- Born: Moses Augustino Kiri Gwolo 1973 Lainya County, Yei River State, South Sudan
- Died: 2017 Juba, South Sudan
- Occupations: Politician and military official

= Augustino Kiri Gwolo =

South Sudanese politician and military officer (1973–2017)

Moses Augustino Kiri Gwolo was a South Sudanese political official who served as the commissioner, the deputy governor of Yei River State as well as a colonel of the South Sudanese Army.

== Biography ==
Moses Augustino Kiri Gwolo was born in 1973 to the Pojulu tribe of Lainya County to a clan called Bereka in the then Yei River State, which now is called Central Equatoria State.

He was later elected as the commissioner of Lainya County.

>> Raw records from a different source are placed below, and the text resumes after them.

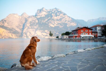 travel with a pet.red Dog on the promenade in Italy. Nova Scotia Duck Tolling Retriever posing by the lake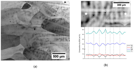 Figure 3a shows a SEM micrograph of the cast ingot. Very large grains with sizes over 1 mm are present in the material. Porosity appears as black spots with the size of 5–20 µm. In the right half of the image in Figure 3a (i.e., closer to the center of the cast ingot), there are dendritic chemical inhomogeneities, as proven by EDX line scan in Figure 3b. Darker areas are Ti and Zr enriched while lighter areas are Nb and Ta enriched. The compositional fluctuations around mean values are approximately 3%. The chemical inhomogeneity and porosity were located mainly in the central part of the cast ingot.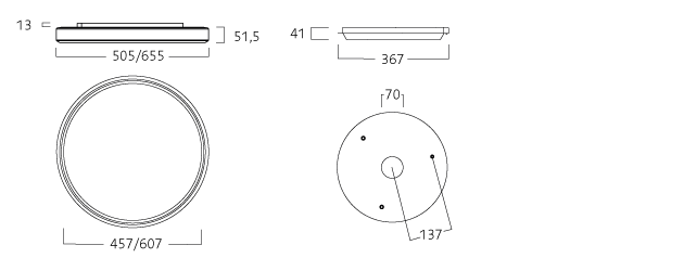 Metal housing with white (RAL 9016) or black (RAL 9005) structured finish.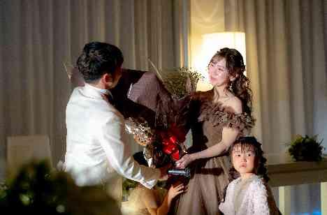 ご新婦様には内緒でサプライズプロポーズを計画されていたご新郎様。さらにサプライズのムービーもご準備されていました。ムービーをご覧になった新婦様の目には涙が、、、そしてムービー上映後、大きな花束をもったご新郎様がご登場。 、婚約指輪とともにプロポーズの言葉をお伝えしました。 大切なお子様とゲストの皆様に見守られながらの サプライズプロポーズです♡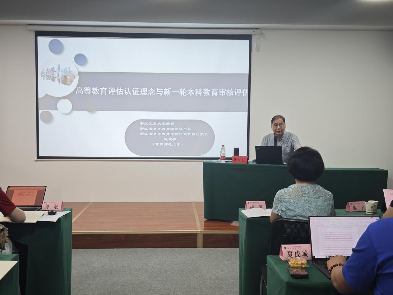 7月14日上午,浙江省高等教育学会秘书长、浙江省高等教育评价研究院执行院长施建祥教授为培训班成员带来了题为《高等教育评估认证理念与新一轮本科教育工作审核评估》的专题讲座。他主要剖析了当前高等教育人才培养面临的主要问题,阐释了高等教育教学评估认证的核心理念与主线,并介绍了新一轮审核评估的指导思想、特色优势及指标体系。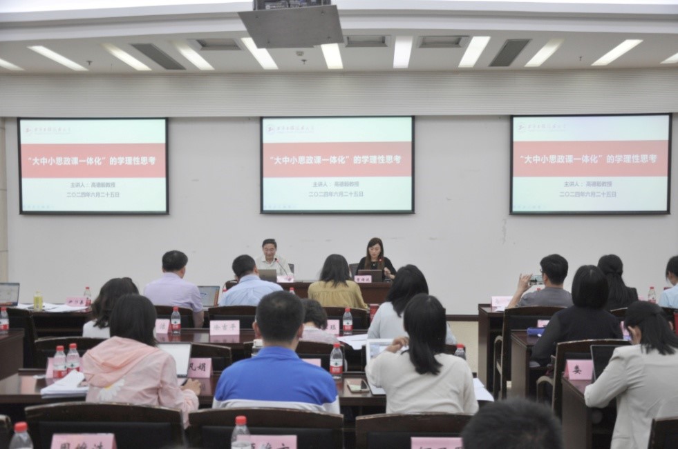 6月25日,马克思主义学院在图文信息中心第三报告厅举行学术讲座,上海市政府重大行政决策咨询专家、原上海市教育委员会副主任高德毅教授应邀作了“新时代熔炉育人理念创新与探索——大思政体系建设与教师责任”专题报告。学院党政班子成员及全体教师参加了学习,讲座由学院党委书记董旖旎主持。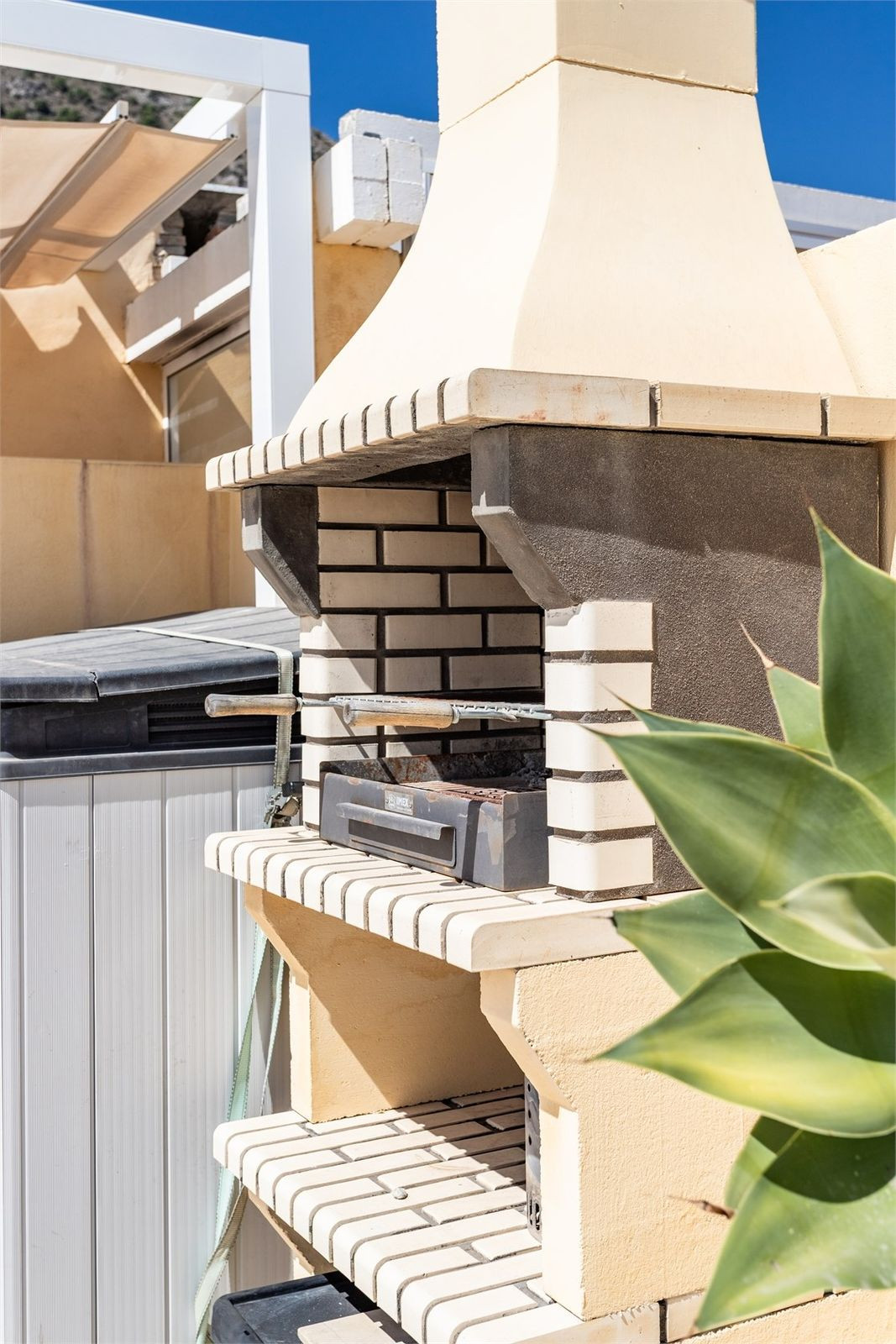 From the spacious south-facing terrace, you are treated to panoramic views that impress just as much by day as by night. From here, a private staircase leads up to the generous rooftop terrace, which together with the lower terrace offers a total of 80 m² of outdoor space. Here you will find an inviting lounge area, a dining space, a barbecue, and a refreshing outdoor shower. With electricity and water already prepared, there is also great potential to create an outdoor kitchen or perhaps install a jacuzzi.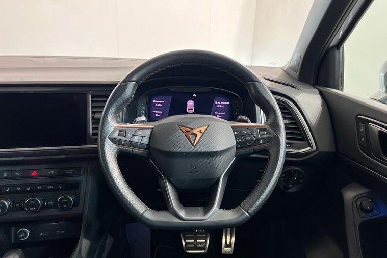 This 2023 CUPRA Ateca TSI VZ2 presents a superb ownership proposition, having had only one owner from new and boasting a clear vehicle history check. This four wheel drive SUV is powered by a potent 2.0 litre petrol engine, meeting Euro 6 emissions standards. Inside, youll find a wealth of comfort and convenience features, including a heated steering wheel and heated front seats, perfect for those colder mornings. The electric drivers seat includes a memory function, ensuring your preferred seating position is always ready. For effortless manoeuvring, the self parking functionality, complete with front and rear parking sensors and a front camera, takes the stress out of tight spots. The CUPRA Ateca TSI VZ2 truly excels with its performance and practicality. Its impressive acceleration, reaching 0-60mph in just 4.9 seconds, sets it apart from many other vehicles in its class, offering an exhilarating driving experience. Furthermore, the generous boot space provides ample room for all your luggage, shopping, or equipment, making it a versatile choice for families and adventurers alike. The Safe and Driving Pack, which includes adaptive cruise control, further enhances your journey, providing both safety and ease on longer trips.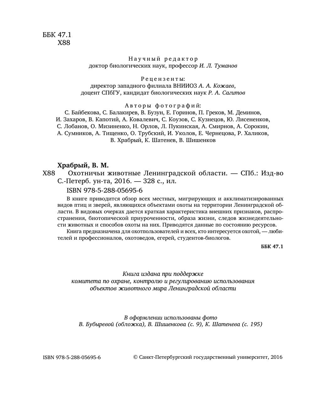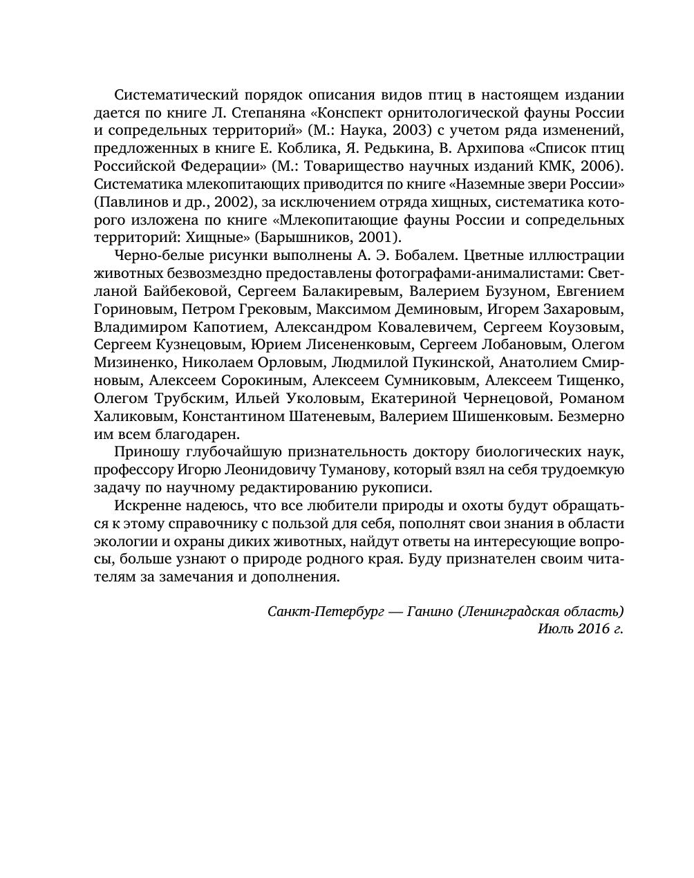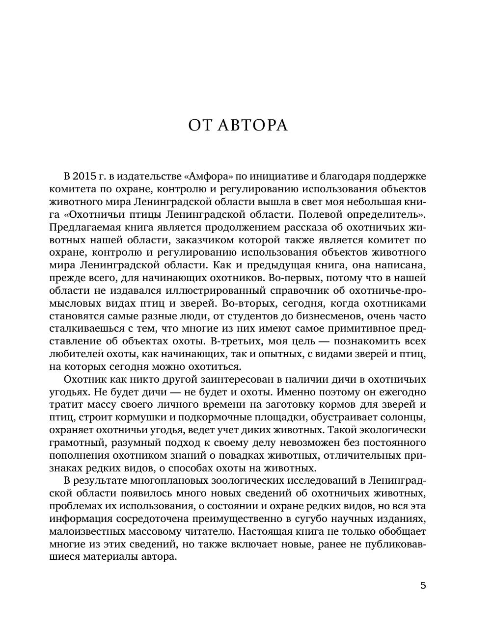 В книге приводится обзор всех местных, мигрирующих и акклиматизированных видов птиц и зверей, являющихся объектами охоты на территории Ленинградской области. В видовых очерках дается краткая характеристика внешних признаков, распро-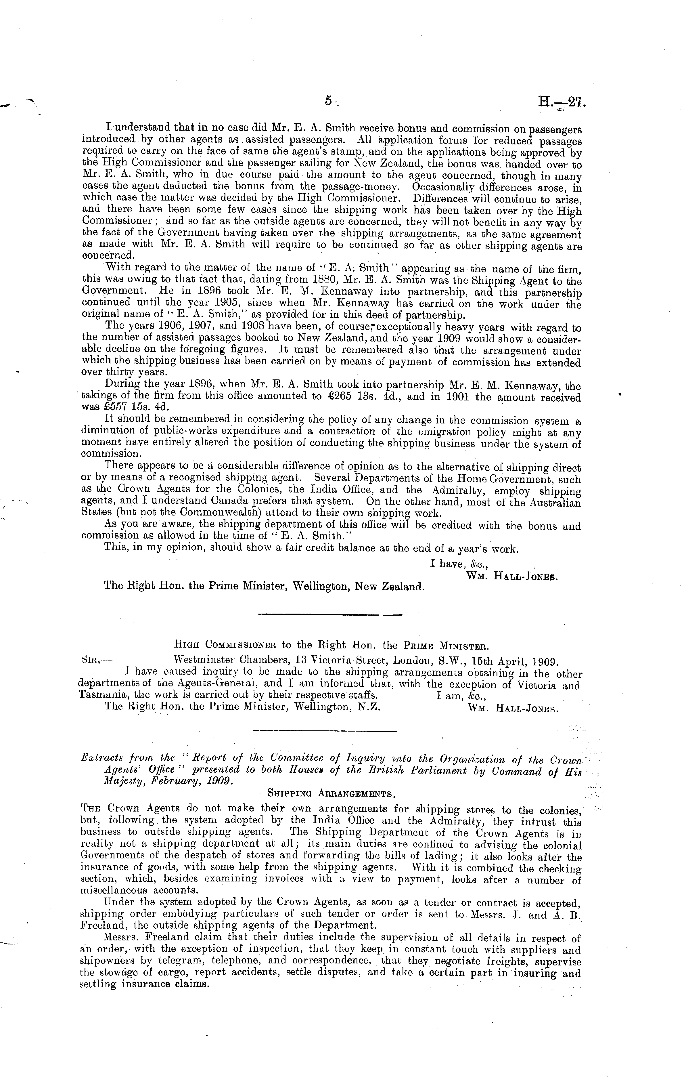 High Commissioner to the Right Hon. the Prime Minister. Sir, — Westminster Chambers, 13 Victoria Street, London, S.W., 15th April, 1909. I have caused inquiry to be made to the shipping arrangements obtaining in the other departments of the Agents-General, and I am informed that, with the exception of Victoria and Tasmania, the work is carried out by their respective staffs. I am, &c, The Right Hon. the Prime Minister, Wellington, N.Z. Wm. Hall-Jones.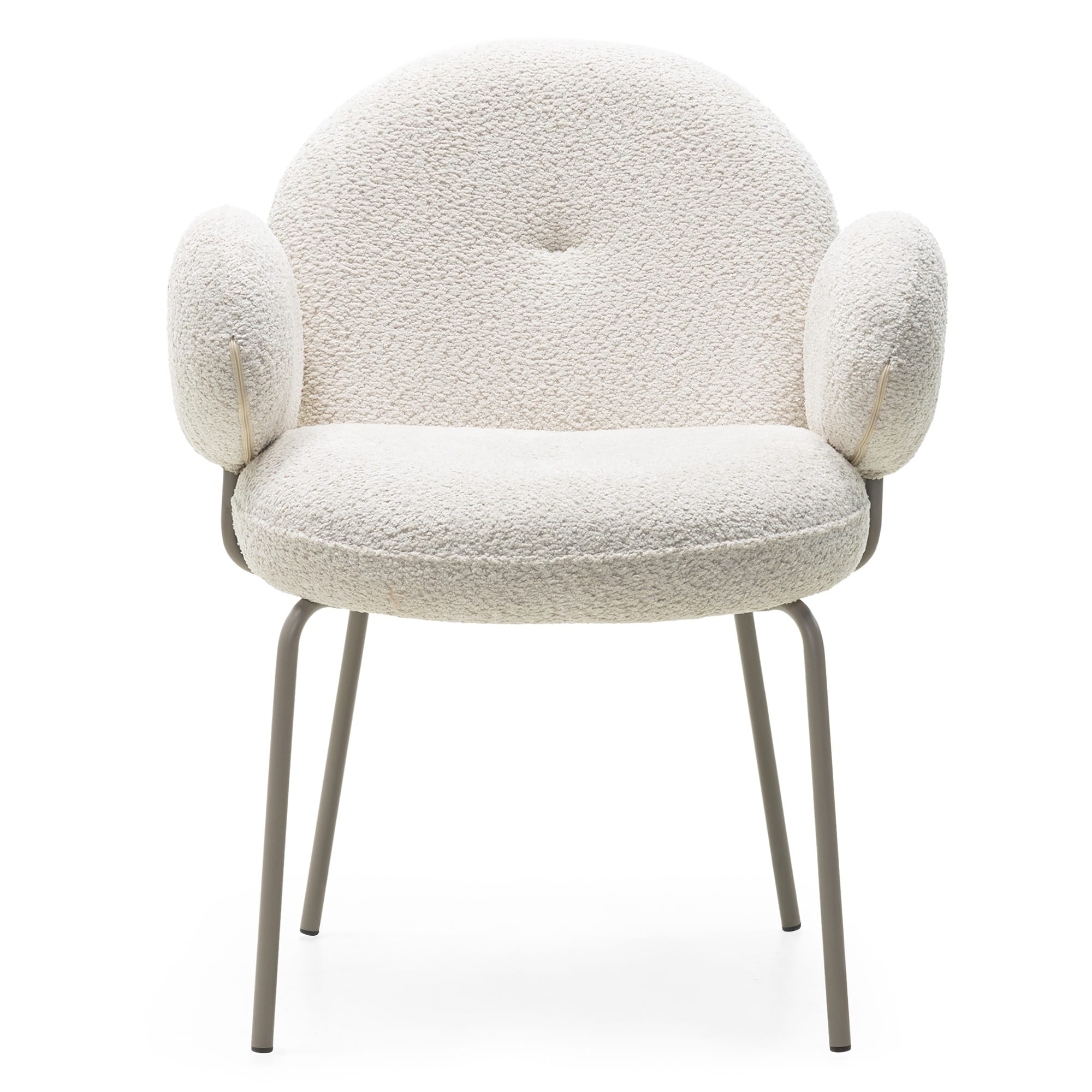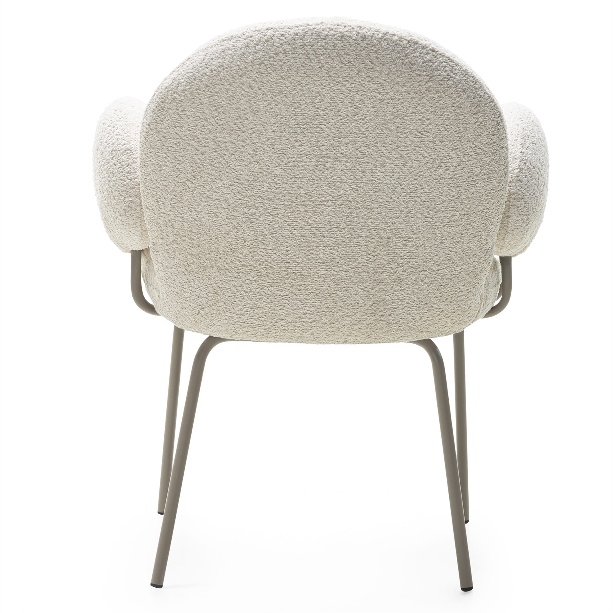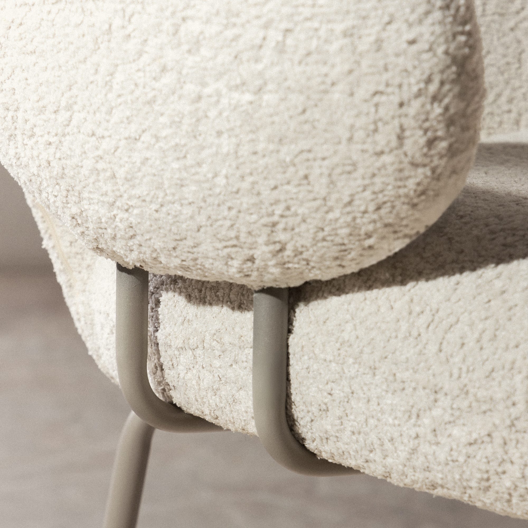 Fiori Beige Bouclé krėslas – tai šiuolaikinio komforto manifestas, kuriame kiekviena detalė apgalvota: nuo atlošo kreivės iki audinio faktūros.

== Leadership and administration ==
Augustino Kiri Gwolo entered public office as Commissioner of Lainya County in Central Equatoria State, where he faced significant security challenges along the accident-prone Yei–Lainya highway. In March 2016, following reports of multiple civilian deaths and violence against women, Commissioner Kiri deployed local security patrols and urged community cooperation with authorities to calm the situation. Later that year, Governor David Lokonga Moses appointed him Deputy Governor of Yei River State while he continued to hold the rank of Colonel in the South Sudanese Army. He was sworn into office after being considered by the Church a leader. In his dual civilian and military roles, he worked to improve regional security and civic governance, drawing recognition for his direct leadership during turbulent times. State authorities publicly described him as a respected and disciplined leader at his funeral, where Governor Lokonga also called on residents to follow Kiri’s commitment to peace.

== Contributions ==
Moses Augustino Kiri Gwolo was a social activist who contributed to the well being of Yei River State including voicing the concerns of his people over the years he served in office and making amends to provide their needs. Commissioner of Lainya County & Representative of the Government of Central Equatoria State, Moses Augustino Kiri Gwolo voiced the concerns of the local people. According to Radio Tamzuj, he reportedly advocated for his county to be attended to due to the fact that there were children dying every week because of a lack of healthcare in the county.

== Death ==
In 2017, Moses Augustino Kiri Gwolo died after being diagnosed with yellow fever in the Juba Medical Complex.